Research Project: ENHANCING GENETIC MERIT OF RUMINANTS THROUGH GENOME SELECTION AND ANALYSIS

Location: Animal Genomics and Improvement Laboratory

Title: CNV discovery for milk composition traits in dairy cattle using whole genome resequencing

Author
item SUN, DONGXIAO - China Agricultural University
item GAO, YAHUI - China Agricultural University
item JIANG, SHAOHUA - China Agricultural University
item YANG, SHAOHUA - China Agricultural University
item HOU, YALI - China Agricultural University
item Liu, Ge - George
item ZHANG, SHENGLI - China Agricultural University
item ZHANG, QIN - China Agricultural University

Submitted to: Biomed Central (BMC) Genomics
Publication Type: Peer Reviewed Journal
Publication Acceptance Date: 3/17/2017
Publication Date: 3/29/2017
Citation: Sun, D., Gao, Y., Jiang, S., Yang, S., Hou, Y., Liu, G., Zhang, S., Zhang, Q. 2017. CNV discovery for milk composition traits in dairy cattle using whole genome resequencing. Biomed Central (BMC) Genomics. 18(1):265.

Interpretive Summary: Copy number variation's functional impacts are not well studied in livestock. This study applied whole-genome sequencing to assess CNV's impact on milk protein percentage and fat percentage in Chinese Holstein cattle. These results fill gaps in our knowledge by providing a list of potential milk production-related pathways and genes. Farmers, scientists, and policy planners who need improve animal health and production based on genome-enable animal selection will benefit from this study.

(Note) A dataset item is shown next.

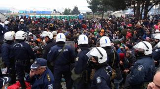 Δυνάμεις των ΜΑΤ, απομακρύνουν τους μετανάστες, ενώ νωρίτερα είχαν κάνει το ίδιο με τους δημοσιογράφους και τους φωτορεπόρτερ που βρίσκονταν στην περιοχή.

Technical Abstract: Copy number variations (CNVs) detection open a new avenue for exploring genes associated with complex traits in humans, animals, and plants. In this study, CNVs were detected based on whole-genome re-sequencing of eight Holstein data from bulls from four half- or full-sib families, with extremely high and low estimated breeding values (EBVs) of milk protein percentage and fat percentage. The depth of coverage per individual was 8.2-11.9x. Using CNVnator, we identified a total of 14,821 CNVs, including 5,025 duplications and 9,796 deletions. Among them, 487 differential CNV regions (CNVRs) comprising of ~8.23 Mb of the cattle genome were observed between the high and low groups. Annotation of these differential CNVRs were performed based on the cattle genome reference assembly (UMD3.1) and totally 235 functional genes were found within the CNVRs. By Gene Ontology and KEGG pathway analyses, we found that genes were significantly enriched for specific biological functions related to protein and lipid metabolism, insulin/IGF pathway-protein kinase B signaling cascade, prolactin signaling pathway, and AMPK signaling pathway. These genes included INS, IGF2, FOXO3, TH, SCD5, GALNT18, GALNT16, ART3, SNCA, and WNT7A, implying potential association with milk protein and fat traits. In addition, 71 of the 487 CNRVs were overlapped with 43 known QTLs that are associated with milk protein and fat traits of dairy cattle (Cattle QTLdb). In summary, by revealing candidate CNVRs and genes which may be involved in milk composition traits in dairy cattle, this study provided a basis for future CNV studies.